12
翌朝。
村長の屋敷を訪なったお婆は囚人に呼びかけられ、驚いて振り返った。
「おまえ……!正気に戻ったのか?」
「腹が減って動けん……何か食わせてくれ」
その声はかすれて小さかったが、以前の張りを取り戻していた。
知らせを受け、すぐさまお爺がやって来た。於仁丸はお爺に支えられ、帰って行った。
夕刻、お婆はお爺の小屋を訪ねた。
「於仁丸の様子はどうや……」
お爺は顎を少し動かした。
目線の先に於仁丸の姿がある。於仁丸は体を柱にもたせかけ、所在なげに己れの手を見ていた。
「於仁丸」
「……指が」
独り言のように於仁丸がごちた。かすれた声はそのままである。
「よう動かん……痺れて……」
「長い間きつう縛られとったらようなることや。心配いらん。そのうち治る」
お爺は近づいてそういうと、手を伸ばし於仁丸の指を優しく揉んだ。於仁丸は笑いもせず嫌がりもせず、お爺のするままになっていた。
「於仁丸」
再びお婆が呼びかける。お婆は於仁丸の前に座り、言葉を継いだ。
「わしが今日来たのはな、これをおまえに渡すためや」
そういって懐から取り出したのは、ひと房の黒髪である。

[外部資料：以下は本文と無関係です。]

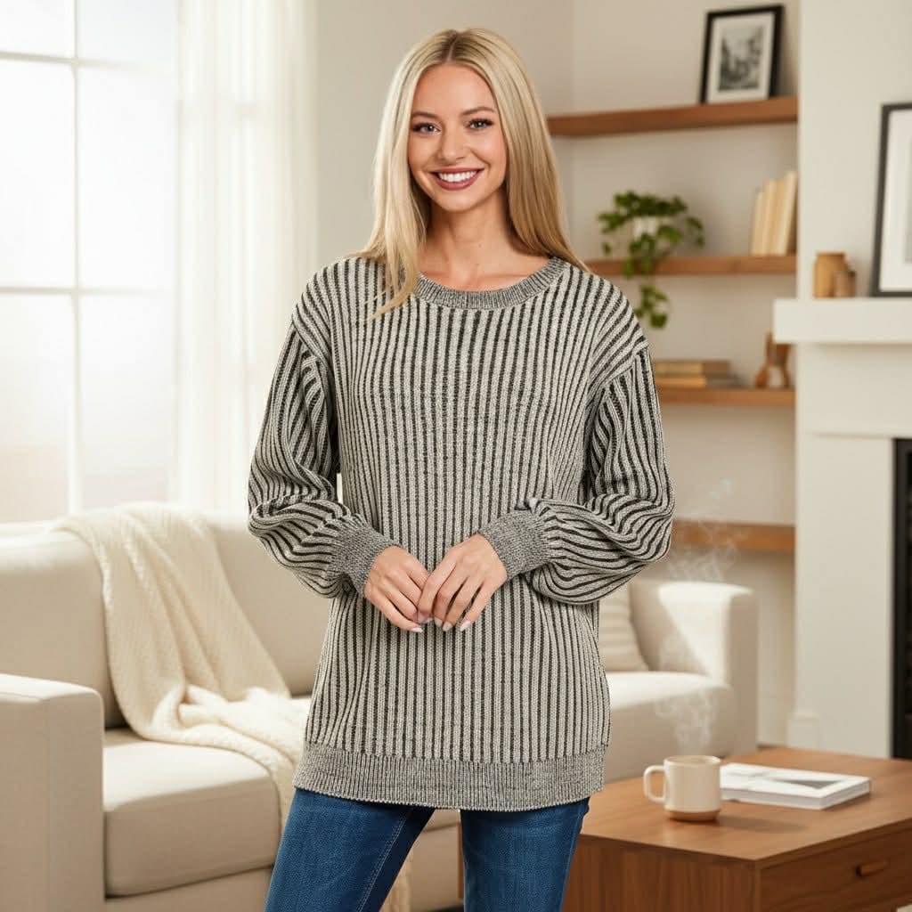 🩶 Between The Lines Sweater — by Zenana in soft black
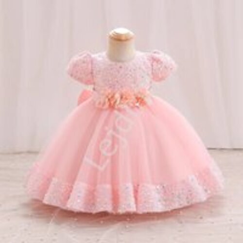 Sukienka z cekinami i tiulem dla dziewczynki w kolorze jasno różowym z dłuższym tyłem 183
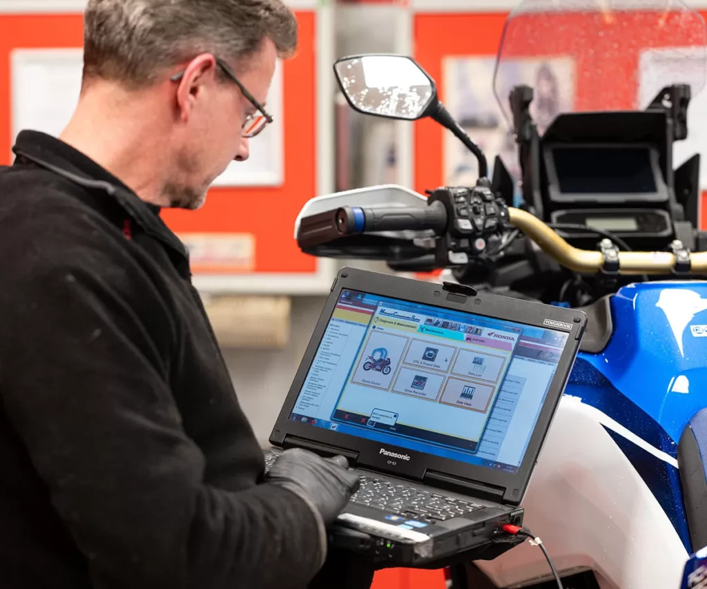 Our workshop offers a wide range of services including annual and scheduled servicing, MOT, Tyres, Repairs and quotations. We work on most mainstream brands of machine. We’re officially Honda certified and trained with a bright, modern workshop and the very latest tools and diagnostic equipment. We offer a free courtesy machine too so you can continue your day completely uninterrupted. Come see why we’ve been around for years.
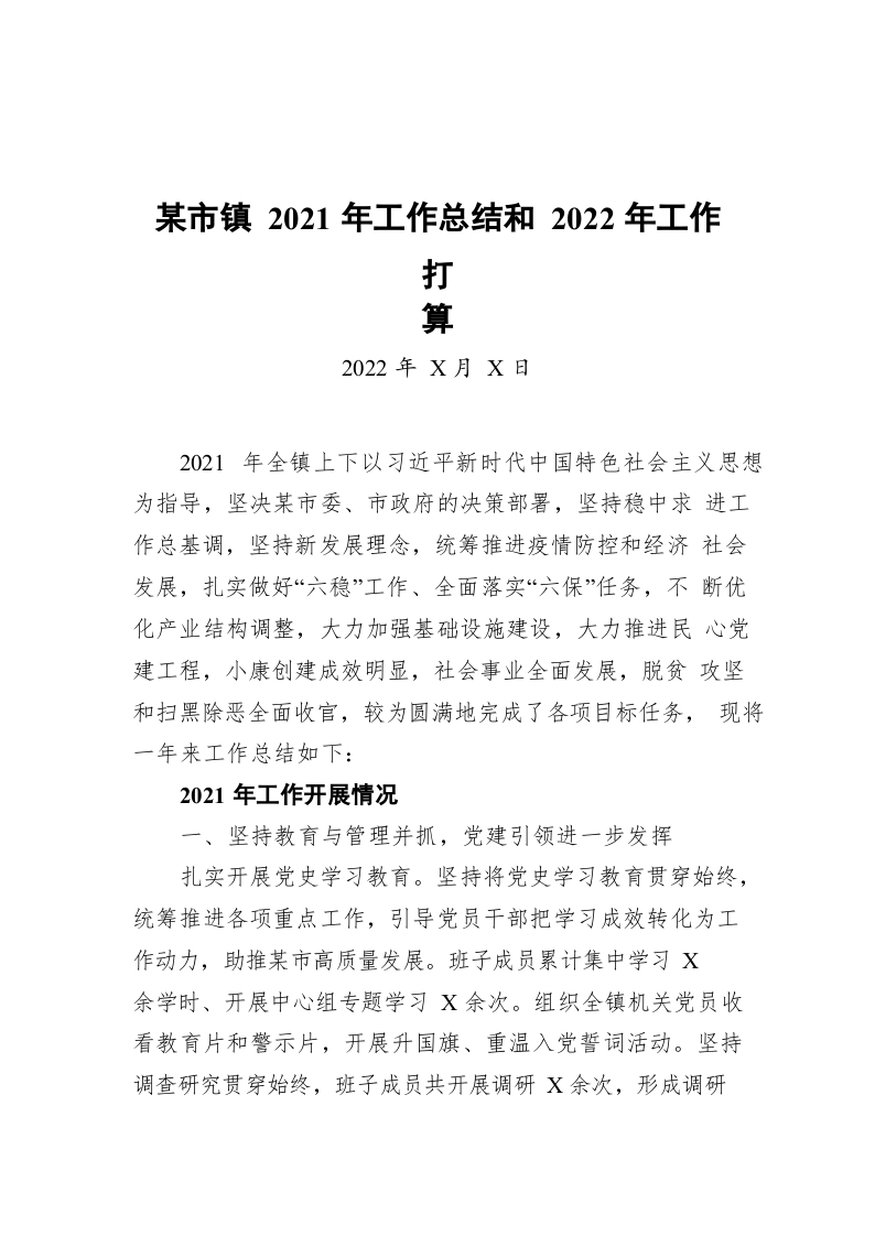 / XXX镇2021年工作总结和2022年工作打算
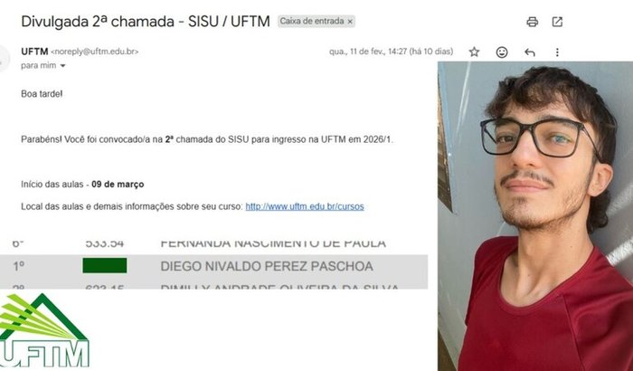 Olá, pessoal! Meu nome é Diego, sou de Jales-SP e venho compartilhar uma grande conquista: fui aprovado em Engenharia Civil na UFTM (Universidade Federal do Triângulo Mineiro)!
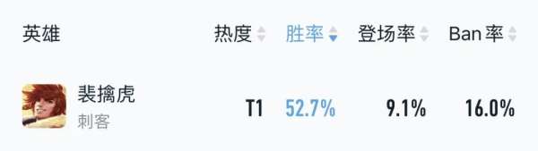 裴擒虎新賽季吃到了急速戰(zhàn)靴加強(qiáng)的紅利,巔峰賽52.7%勝率+25.1%禁選率,成為了中高分段綜合表現(xiàn)最好的T0野王。

紙に包まれたそれを上から束ねてあるのは、いつも篝の髪を飾っていた赤い髪紐であった。
「…………」
於仁丸の表情が少し歪んだ。
「篝にはあの着物を着せたった……それはよう似合うとったぞ……」
「篝……」
於仁丸の唇がわなないた。
「埋めたのか……篝を……あんなじめじめした、蛆や地虫がいっぱいおるとこに……」
「土が篝の毒を清めてくれる」
お婆が静かにいった。
「あれもきれいな体であの世に行けるやろ……」
「……っ」
震える手で遺髪を取ると、於仁丸はそれを握り締め顔を伏せた。
嗚咽すら漏らさず、ただ肩が小さく震えている。お爺にもお婆にも言葉はなかった。
於仁丸の声は結局元には戻らなかった。
どうやら加減も知らずに大声で泣き叫んだ結果、喉をつぶしてしまったものらしい。
夜毎にうなされているのをお爺は知っていたが、どうしてやることも出来なかった。
篝の無残な姿が、何度振り払っても瞼に蘇る。そのたびに拳が震え、暗い炎が心を灼いた。
しかしその怒りは、どこにもぶつけようのないものであった。篝の仇はすでにこの世にないはずだった。

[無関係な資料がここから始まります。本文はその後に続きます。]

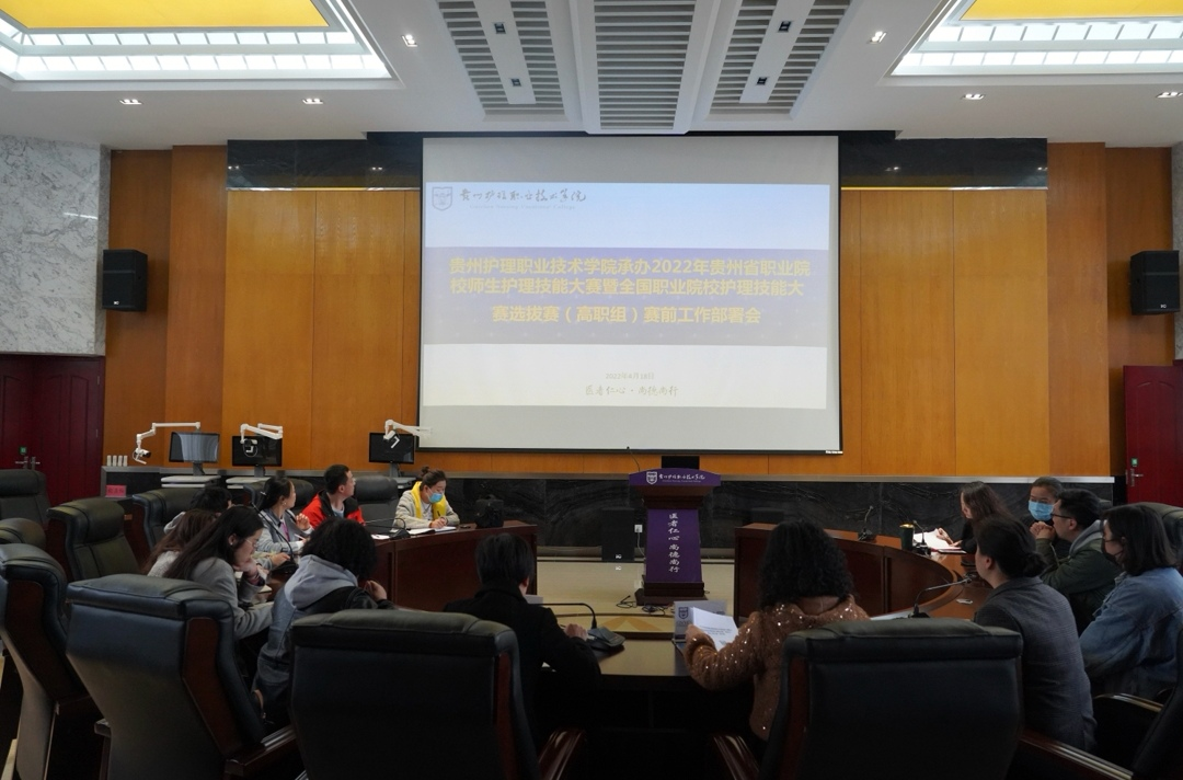 为切实做好2022年贵州省职业院校师生护理技能大赛暨全国职业院校护理技能大赛选拔赛(高职组)的赛前工作部署,确保赛事顺利举行,4月18日下午,在知行楼学术报告厅召开赛前工作部署会。党委副书记、院长江智霞,党委委员、副院长柏晓玲出席,赛项各工作小组负责同志参加会议。
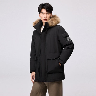 雅鹿大毛领羽绒服男款加厚2025冬季新款户外极寒工装派克保暖外套479元天猫499元
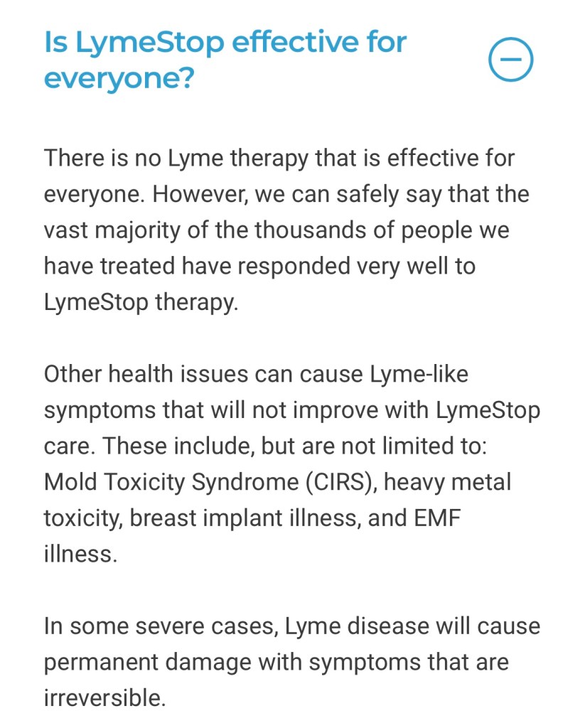 This is the answer from the lymestop faq page:
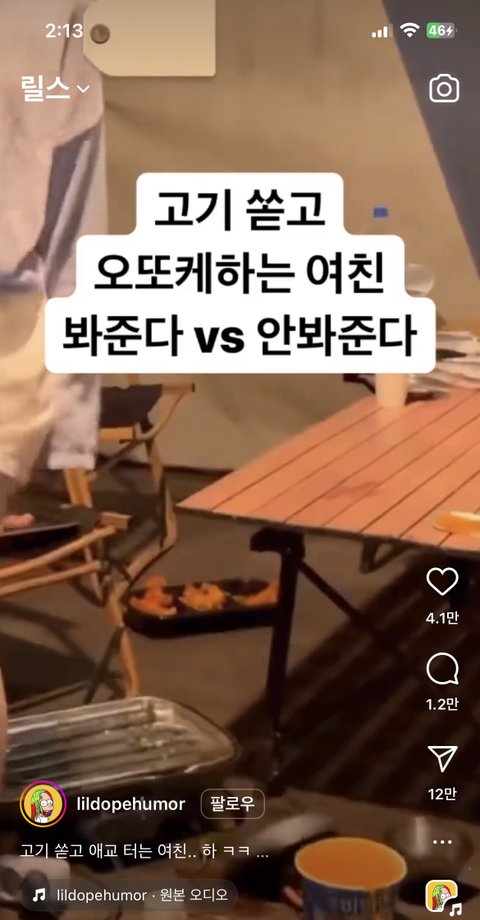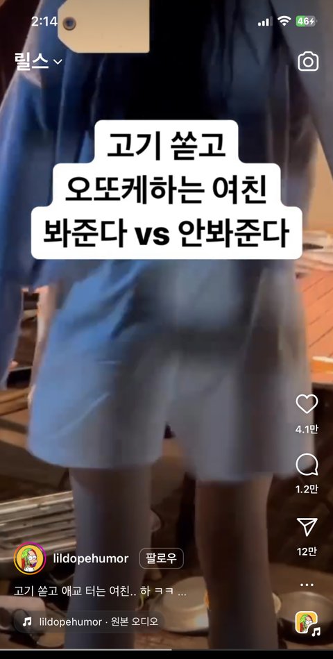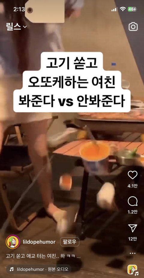릴스 고기 쏟고 어딱해하는 영상 본 사람
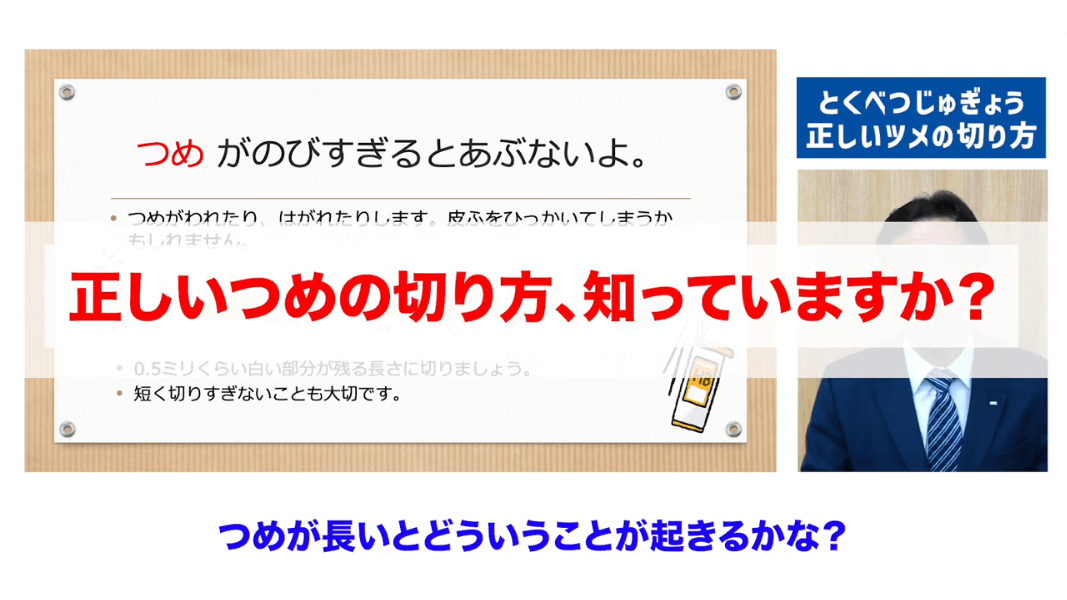 この動画授業を通して、一人でも多くの子どもたちが正しい爪のケアと爪切りの使い方を身に付け、
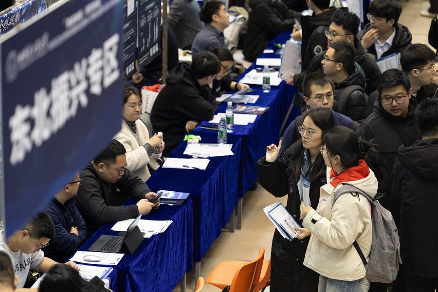 China has set a target for a surveyed urban unemployment rate of around 5.5 percent in 2025 and aims to create over 12 million new urban jobs within the year. ■

以前の自信に溢れた快活さは影を潜め、人が変わったかのような於仁丸に、村人達は冷淡ともいえる無関心さを示した。於仁丸にとってもその方が都合が良かった。篝を奪われ、その仇さえ討てぬ──於仁丸には何もかもが虚しく無意味だった。
だがお爺は知っていた。村人のそっけない反応は、実は於仁丸が仇の存在に気づくのを恐れるがゆえであることを。

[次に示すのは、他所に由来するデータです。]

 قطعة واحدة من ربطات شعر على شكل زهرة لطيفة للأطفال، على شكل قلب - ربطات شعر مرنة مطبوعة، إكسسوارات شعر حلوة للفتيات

このあやうい均衡は、あるときふとしたきっかけで崩れた。
その日、於仁丸が畦道ですれ違ったのは、村長の屋敷で下働きをしている男であった。
折からの突風に男が首から提げていた手拭いが飛んだ。於仁丸は難なくそれを掴み取ると、男に手渡した。
「元気そうやな……良かった」
何の言葉もかけないのは気詰まりであったのか、男はいささかぎこちない笑顔を作るとそういった。
「…………」
「正直、もうあかんかと思うたが……戌郎がおって良かったな」
於仁丸が男を見た。男の表情に一瞬動揺が走ったのを、於仁丸は見逃さなかった。
「戌郎が来とったのか……?なんでや?」
「……そら、鴇様のお輿入れが無事に済んだ報告に決まっとるやろうが」
男はそれだけをいうと、そそくさと立ち去った。
「お爺」
小屋に戻った於仁丸はお爺に声をかけた。
「うん?なんや?」
お爺は機嫌良く答えた。於仁丸はすっかり無口になり、自分から口を開くこともなくなっていたから、久々に呼びかけられたことが嬉しかった。
「わしが呆けとった間に戌郎が来たのか?」
「…………」
お爺の表情は少し固くなった。だがすぐそれを緩めると、いつもの調子で
「そうや。長様のところに、鴇様のお輿入れの報告に来たのや」と答えた。
先の男と変わらない返答である。だが於仁丸は微かな違和感を覚えた。
自分が正気を取り戻したのは輿入れから2日目の朝だ。それ以前に現れたということだから、戌郎が本当に輿入れの報告に来たのなら、それは輿入れの当日深夜から翌日中ということになる。
別段必要もないのにそんなに急いて、わざわざこの村まで無事を伝えに来るものだろうか……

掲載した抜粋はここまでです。